### DATA BELOW
________
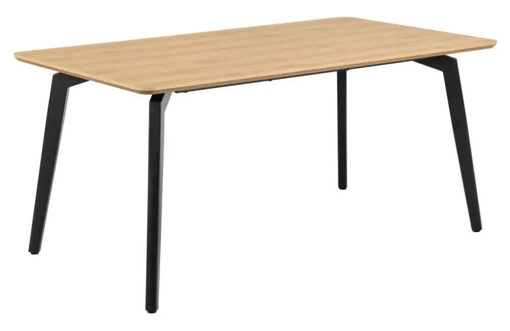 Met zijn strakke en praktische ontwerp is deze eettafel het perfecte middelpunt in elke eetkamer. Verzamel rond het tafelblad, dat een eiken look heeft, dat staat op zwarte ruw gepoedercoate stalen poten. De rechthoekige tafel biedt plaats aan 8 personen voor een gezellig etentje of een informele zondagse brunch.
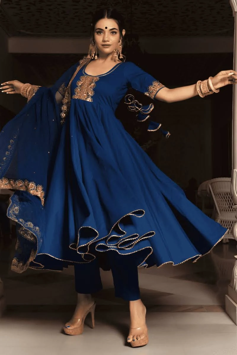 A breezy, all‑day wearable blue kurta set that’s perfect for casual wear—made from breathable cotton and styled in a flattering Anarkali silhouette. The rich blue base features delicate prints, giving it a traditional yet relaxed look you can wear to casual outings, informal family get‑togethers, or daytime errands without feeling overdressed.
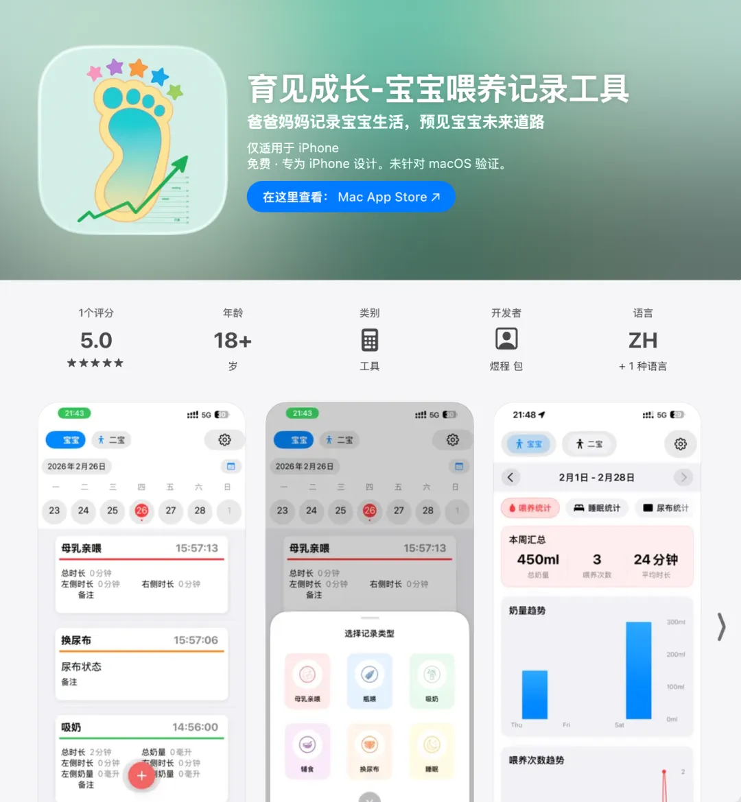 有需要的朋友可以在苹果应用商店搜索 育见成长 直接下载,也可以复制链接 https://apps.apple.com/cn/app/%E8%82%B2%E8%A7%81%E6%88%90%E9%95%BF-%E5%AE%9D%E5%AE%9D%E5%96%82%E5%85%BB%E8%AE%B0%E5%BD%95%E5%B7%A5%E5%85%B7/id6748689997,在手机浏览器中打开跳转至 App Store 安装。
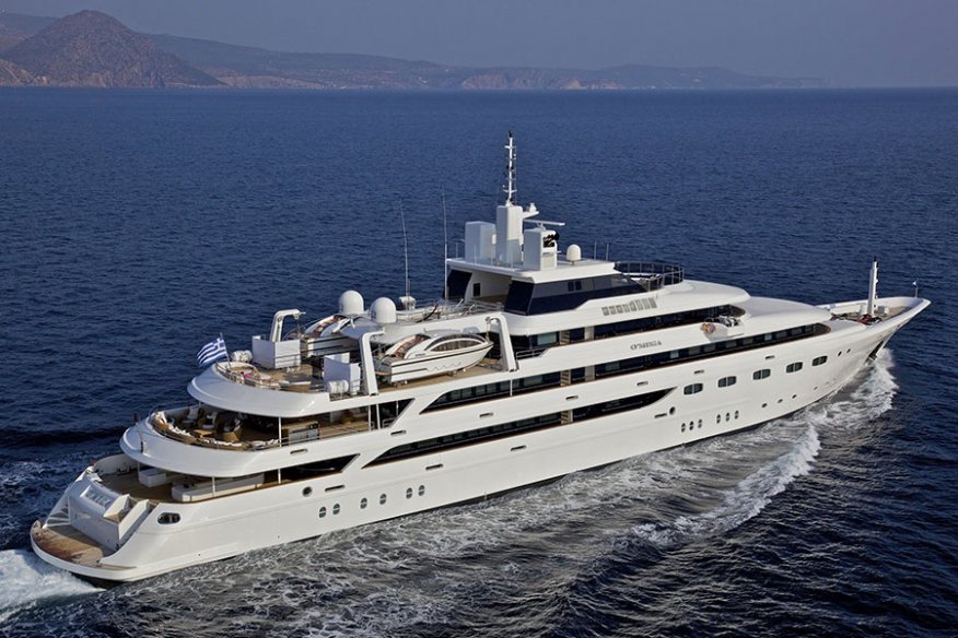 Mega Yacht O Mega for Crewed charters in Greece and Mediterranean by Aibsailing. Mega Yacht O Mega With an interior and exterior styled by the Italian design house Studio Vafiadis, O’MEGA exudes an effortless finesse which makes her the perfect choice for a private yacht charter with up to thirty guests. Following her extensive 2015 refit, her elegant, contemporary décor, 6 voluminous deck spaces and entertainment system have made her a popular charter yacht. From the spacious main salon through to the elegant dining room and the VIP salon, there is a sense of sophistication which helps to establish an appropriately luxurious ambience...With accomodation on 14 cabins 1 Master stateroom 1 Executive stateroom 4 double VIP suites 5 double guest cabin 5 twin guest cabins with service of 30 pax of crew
________
### TASK GOAL
Please print everything in the material exactly, apart from the pictures.

### WORKED SOLUTION
 Met zijn strakke en praktische ontwerp is deze eettafel het perfecte middelpunt in elke eetkamer. Verzamel rond het tafelblad, dat een eiken look heeft, dat staat op zwarte ruw gepoedercoate stalen poten. De rechthoekige tafel biedt plaats aan 8 personen voor een gezellig etentje of een informele zondagse brunch.
 A breezy, all‑day wearable blue kurta set that’s perfect for casual wear—made from breathable cotton and styled in a flattering Anarkali silhouette. The rich blue base features delicate prints, giving it a traditional yet relaxed look you can wear to casual outings, informal family get‑togethers, or daytime errands without feeling overdressed.
 有需要的朋友可以在苹果应用商店搜索 育见成长 直接下载,也可以复制链接 https://apps.apple.com/cn/app/%E8%82%B2%E8%A7%81%E6%88%90%E9%95%BF-%E5%AE%9D%E5%AE%9D%E5%96%82%E5%85%BB%E8%AE%B0%E5%BD%95%E5%B7%A5%E5%85%B7/id6748689997,在手机浏览器中打开跳转至 App Store 安装。
 Mega Yacht O Mega for Crewed charters in Greece and Mediterranean by Aibsailing. Mega Yacht O Mega With an interior and exterior styled by the Italian design house Studio Vafiadis, O’MEGA exudes an effortless finesse which makes her the perfect choice for a private yacht charter with up to thirty guests. Following her extensive 2015 refit, her elegant, contemporary décor, 6 voluminous deck spaces and entertainment system have made her a popular charter yacht. From the spacious main salon through to the elegant dining room and the VIP salon, there is a sense of sophistication which helps to establish an appropriately luxurious ambience...With accomodation on 14 cabins 1 Master stateroom 1 Executive stateroom 4 double VIP suites 5 double guest cabin 5 twin guest cabins with service of 30 pax of crew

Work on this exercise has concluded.